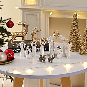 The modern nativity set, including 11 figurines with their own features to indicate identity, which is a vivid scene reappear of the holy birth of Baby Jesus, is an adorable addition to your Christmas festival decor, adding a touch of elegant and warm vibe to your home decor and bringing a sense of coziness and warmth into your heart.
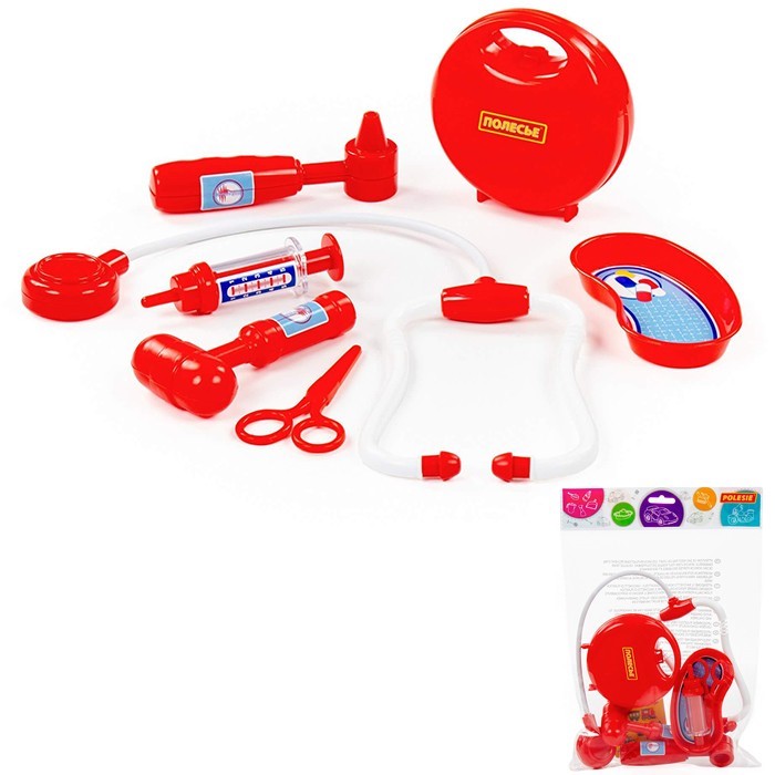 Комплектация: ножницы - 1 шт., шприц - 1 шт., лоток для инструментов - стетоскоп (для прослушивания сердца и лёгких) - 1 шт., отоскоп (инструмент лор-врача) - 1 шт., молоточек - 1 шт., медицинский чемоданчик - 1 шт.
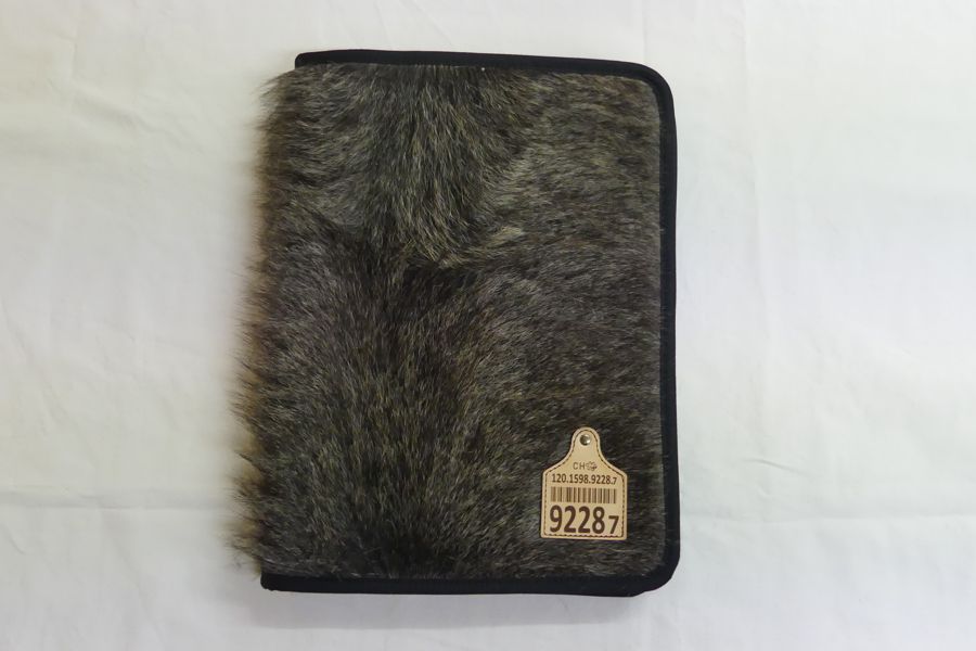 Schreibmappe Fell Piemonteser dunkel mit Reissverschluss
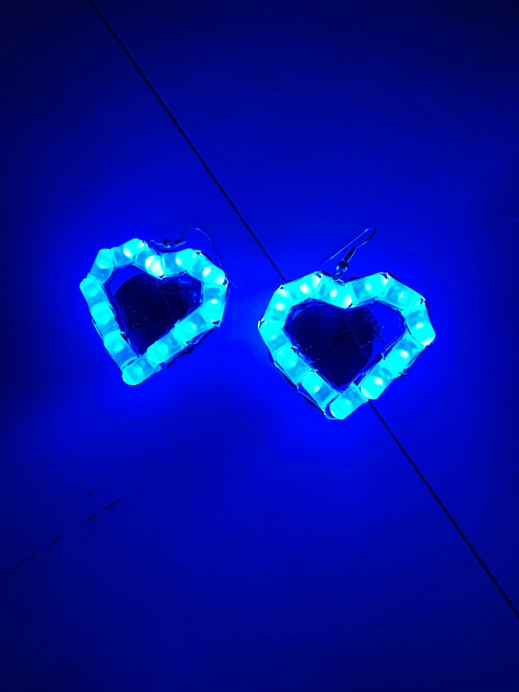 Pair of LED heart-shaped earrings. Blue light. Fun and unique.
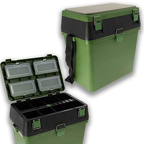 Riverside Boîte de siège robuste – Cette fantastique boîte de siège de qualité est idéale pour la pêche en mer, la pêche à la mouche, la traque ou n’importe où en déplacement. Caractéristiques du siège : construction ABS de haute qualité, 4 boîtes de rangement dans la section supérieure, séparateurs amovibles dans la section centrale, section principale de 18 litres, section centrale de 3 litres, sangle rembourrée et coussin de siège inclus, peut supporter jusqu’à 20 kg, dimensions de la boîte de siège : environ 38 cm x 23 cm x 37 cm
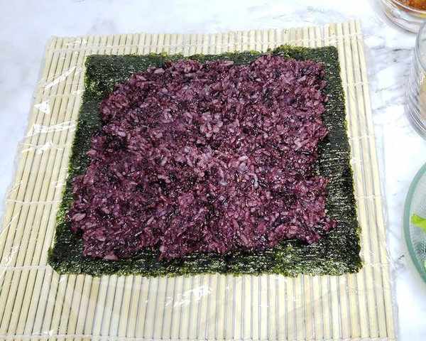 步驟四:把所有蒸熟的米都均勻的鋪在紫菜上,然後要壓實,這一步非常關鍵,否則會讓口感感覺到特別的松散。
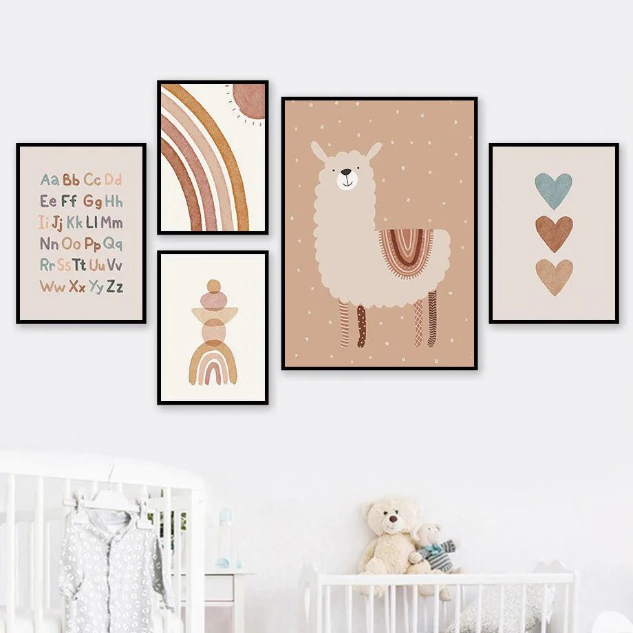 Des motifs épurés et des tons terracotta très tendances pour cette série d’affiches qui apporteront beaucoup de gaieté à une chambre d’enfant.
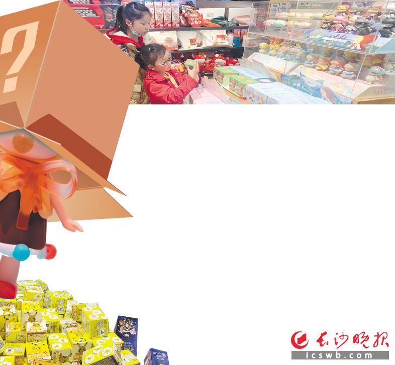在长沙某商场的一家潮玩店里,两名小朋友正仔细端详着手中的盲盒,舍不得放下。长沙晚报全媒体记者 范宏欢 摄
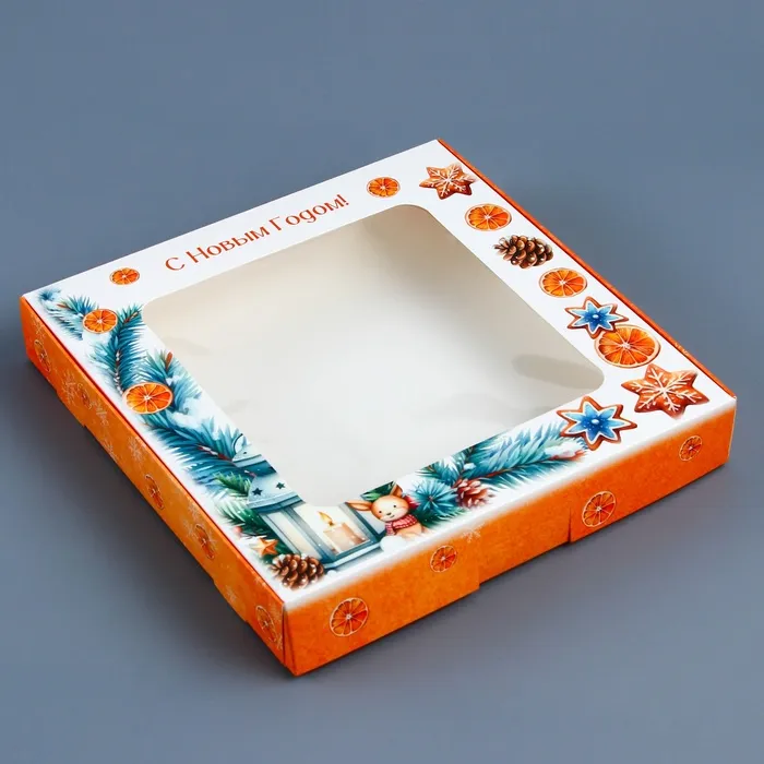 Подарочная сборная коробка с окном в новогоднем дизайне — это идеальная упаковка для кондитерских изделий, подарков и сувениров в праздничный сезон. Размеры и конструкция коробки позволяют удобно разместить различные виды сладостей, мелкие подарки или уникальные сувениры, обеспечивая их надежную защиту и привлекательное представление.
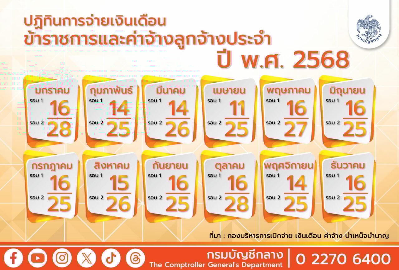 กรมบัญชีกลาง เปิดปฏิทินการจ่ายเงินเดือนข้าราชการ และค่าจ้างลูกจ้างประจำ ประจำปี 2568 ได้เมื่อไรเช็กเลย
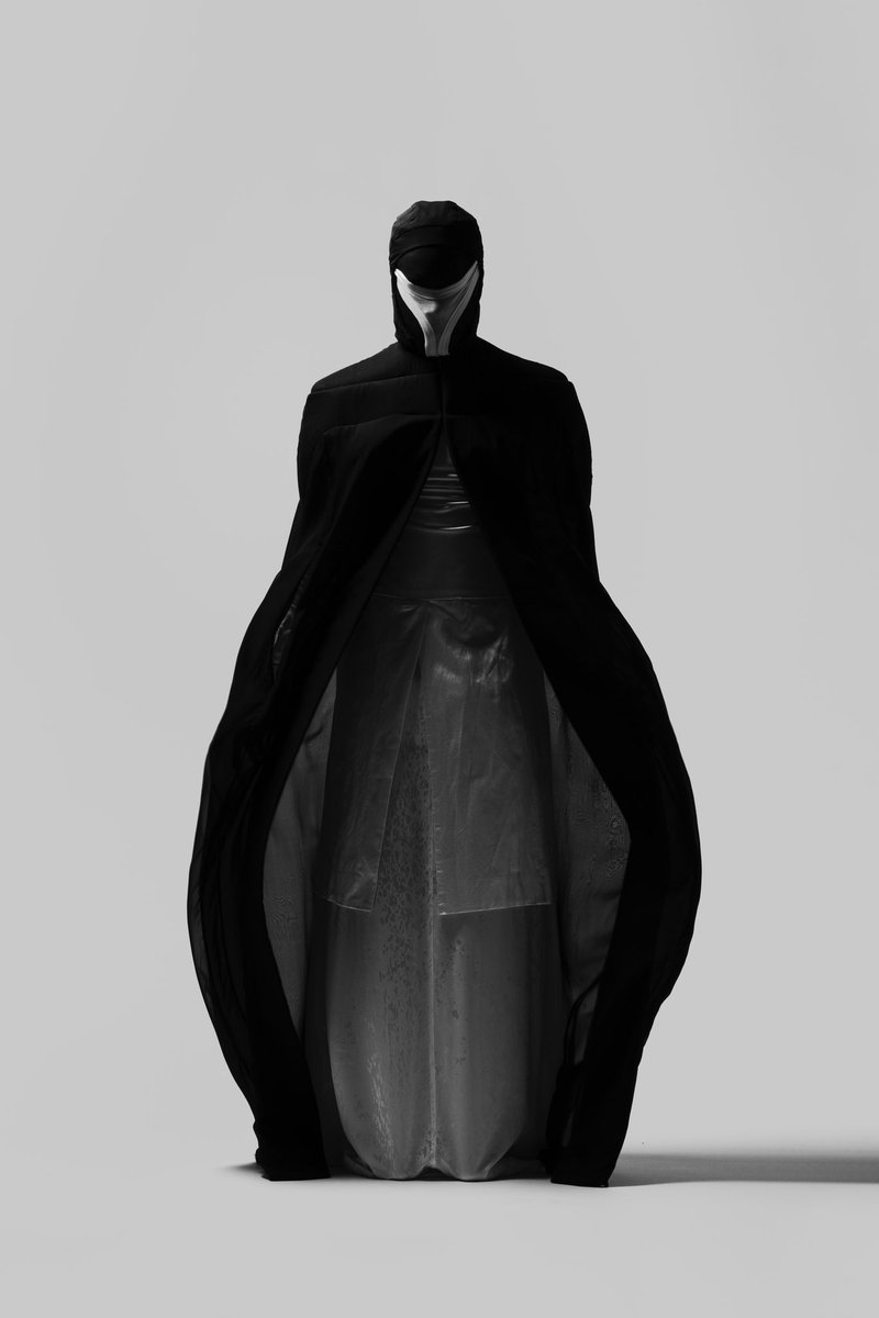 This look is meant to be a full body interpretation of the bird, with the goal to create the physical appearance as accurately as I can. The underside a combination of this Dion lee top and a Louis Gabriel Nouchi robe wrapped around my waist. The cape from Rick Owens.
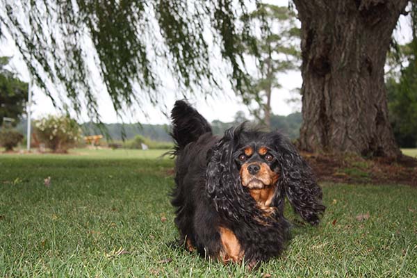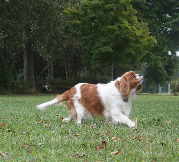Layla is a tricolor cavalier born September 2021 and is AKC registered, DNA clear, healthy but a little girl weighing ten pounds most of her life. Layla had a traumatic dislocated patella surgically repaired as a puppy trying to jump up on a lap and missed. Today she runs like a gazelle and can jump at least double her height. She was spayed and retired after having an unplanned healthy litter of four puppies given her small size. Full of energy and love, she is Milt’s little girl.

* * * *

What is expected >> Only the lines from the one containing "在长沙某商场的一家潮玩店里,两名小朋友正仔细端详着手中的盲盒,舍不得放下。长沙晚报全媒体记者 范宏欢 摄" through the last line of the material should be returned, exactly and without pictures.

Written answer >>
在长沙某商场的一家潮玩店里,两名小朋友正仔细端详着手中的盲盒,舍不得放下。长沙晚报全媒体记者 范宏欢 摄
 Подарочная сборная коробка с окном в новогоднем дизайне — это идеальная упаковка для кондитерских изделий, подарков и сувениров в праздничный сезон. Размеры и конструкция коробки позволяют удобно разместить различные виды сладостей, мелкие подарки или уникальные сувениры, обеспечивая их надежную защиту и привлекательное представление.
 กรมบัญชีกลาง เปิดปฏิทินการจ่ายเงินเดือนข้าราชการ และค่าจ้างลูกจ้างประจำ ประจำปี 2568 ได้เมื่อไรเช็กเลย
 This look is meant to be a full body interpretation of the bird, with the goal to create the physical appearance as accurately as I can. The underside a combination of this Dion lee top and a Louis Gabriel Nouchi robe wrapped around my waist. The cape from Rick Owens.
Layla is a tricolor cavalier born September 2021 and is AKC registered, DNA clear, healthy but a little girl weighing ten pounds most of her life. Layla had a traumatic dislocated patella surgically repaired as a puppy trying to jump up on a lap and missed. Today she runs like a gazelle and can jump at least double her height. She was spayed and retired after having an unplanned healthy litter of four puppies given her small size. Full of energy and love, she is Milt’s little girl.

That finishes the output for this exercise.